HIV Infections Clinical Trial
Official title:
A Randomized, Controlled Study to Assess the Impact of Highly Active Antiretroviral Therapy to Hepatitis C Therapy in Patients Coinfected With HIV-1 and Treated With Peginterferon Alpha-2b and Ribavirin
This study will evaluate how controlling HIV infection with HAART (highly active
antiretroviral therapy) affects the response to hepatitis C treatment with peginterferon
alpha-2b and ribavirin in HIV-infected patients with chronic hepatitis C. HIV worsens liver
disease caused by hepatitis C. Since treatment of HIV infection with HAART improves immune
function, it may be beneficial to start HAART before treating HCV.
HIV-infected patients 18 years of age and older with chronic hepatitis C infection may be
eligible for this study. Patients must have an HCV viral load greater than 2000 copies/mL
and a CD4 count that is either more than 500 cells/mm3, or more than 350 cells/mm3 with an
HIV viral load no greater than 40,000 particles/mL. Candidates will be screened for current
or previous diseases, conditions or treatments that may exclude them from this study.
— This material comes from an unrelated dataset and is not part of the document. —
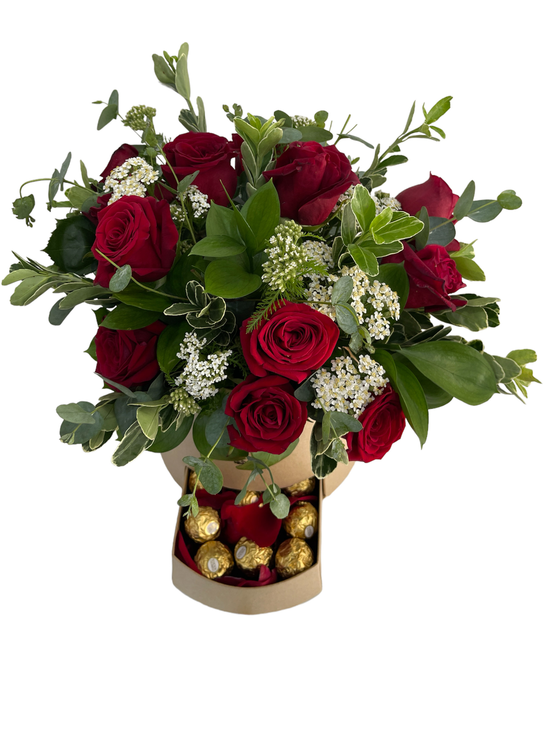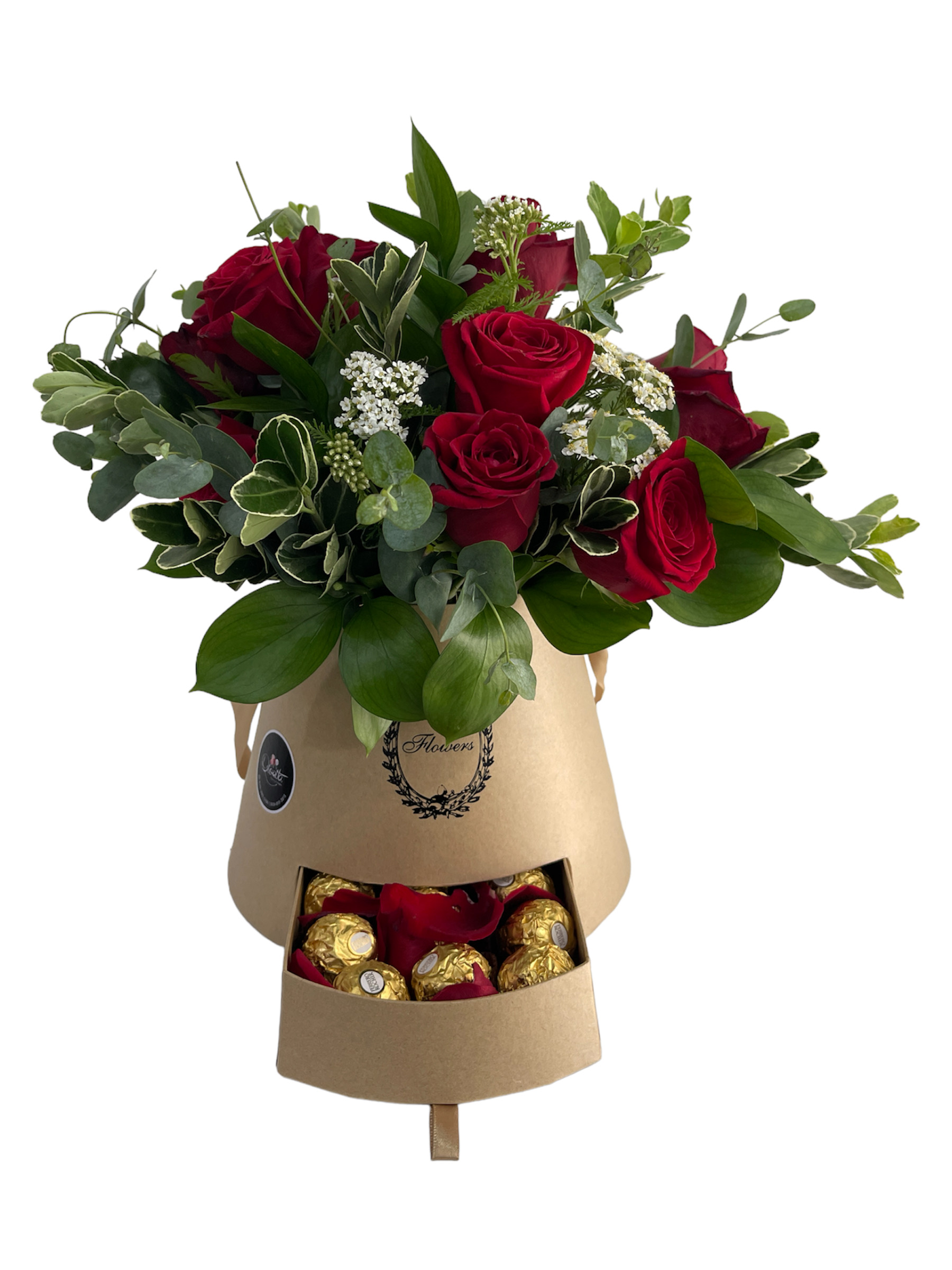 Caja forma cónica con gaveta surtida de 12 rosas importadas y relleno verde con bombones Ferrero Rocher.
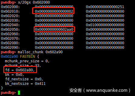 a对应chunk(0x602250)中fd指针是指向自己的地址的

Screening includes a medical history and physical examination, eye examination, blood and
urine tests, chest X-ray, electrocardiogram (EKG), liver ultrasound, and, possibly, a liver
biopsy, if a recent one is not available. The liver biopsy is optional and is done to
determine the severity of liver disease. Patients will be sedated for this test. The skin in
the area over the biopsy site is numbed with a local anesthetic, and a needle is inserted
rapidly into and out of the liver to obtain a small tissue sample. Patients remain in the
hospital overnight for monitoring. Women of childbearing age will have a pregnancy test.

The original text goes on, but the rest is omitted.